Without the source, we have gone about as far as we can. We must use other tools, such as strace, in combination with gdb. Other tool suites such as valgrind can also prove useful.

Now, let us look at an example of the same hang with a non-stripped version of the binary.

$ gdb -q ./gmoo.not.stripped ./core.6881 ... Core was generated by './gmoo.not.stripped'. Program terminated with signal 11, Segmentation fault. Reading symbols from /usr/lib/libgtk-1.2.so.0...done. Loaded symbols for /usr/lib/libgtk-1.2.so.0 Reading symbols from /usr/lib/libgdk-1.2.so.0...done.

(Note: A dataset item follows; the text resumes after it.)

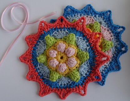 Mandalas can be made in any weight of yarn provided you use a suitable hook size, and they use only a small quantity of yarn so are great little stash busters.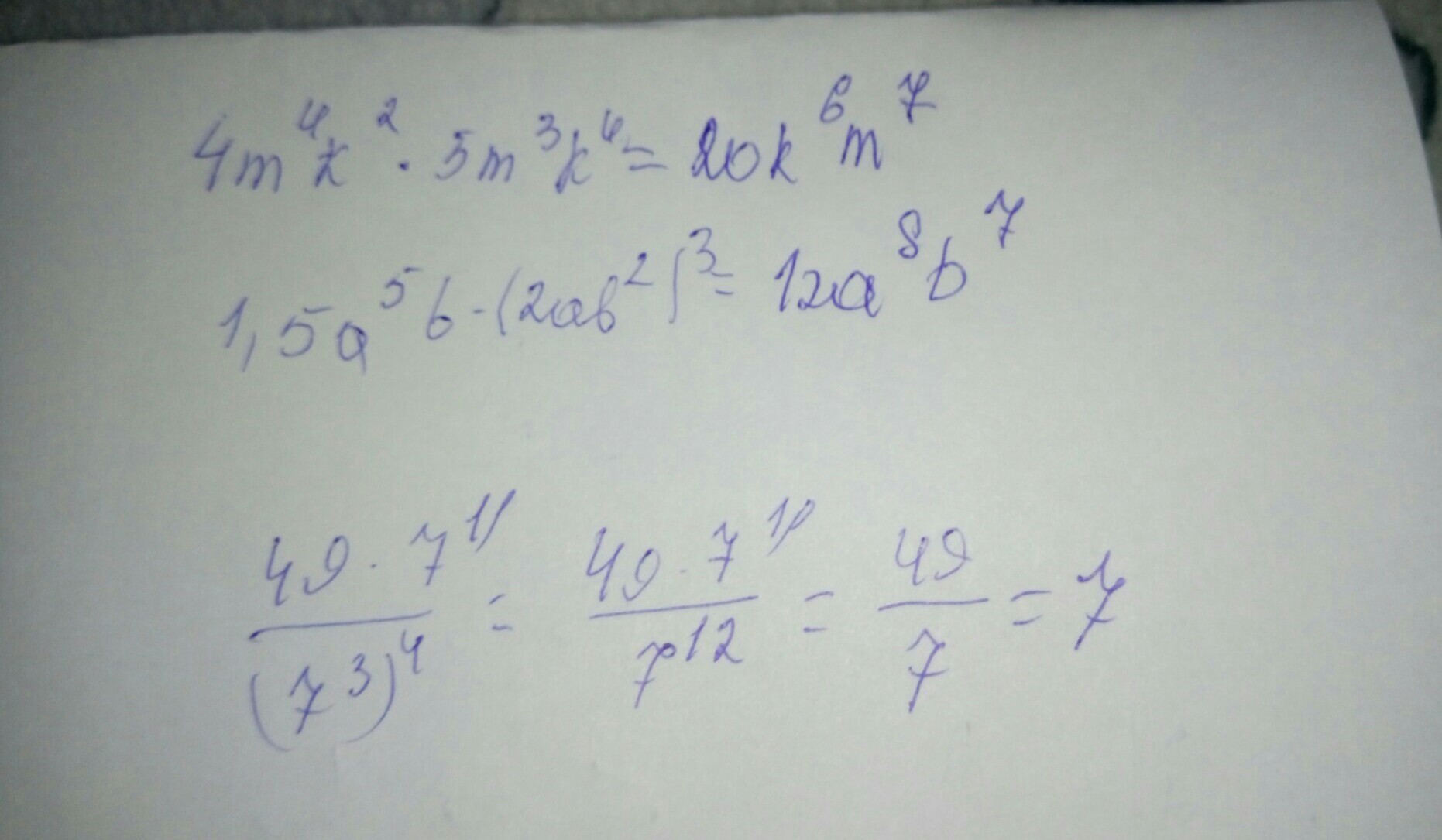 3.a)4m^4 k^2 *5m^3k^4=20m^7k^6 b)1,5a^5b*(2ab^2)^3=12 a^8 b^7 4)49*7^11 /(7^3)^4 =7^2*7^11 /7^12 =7

Loaded symbols for /usr/lib/libgdk-1.2.so.0 Reading symbols from /usr/lib/libgmodule-1.2.so.0...done. ... (gdb) backtrace #0  0x40582516 in poll () from /lib/i686/libc.so.6 (gdb)

Although the stack trace appears to be different, we have identified the root cause. The program is hung on a network poll call, which, according to the man page, is a structure made up of file descriptors. Using other tools, such as lsof, strace, and so on, we can determine exactly the network IP address upon which the process is hung.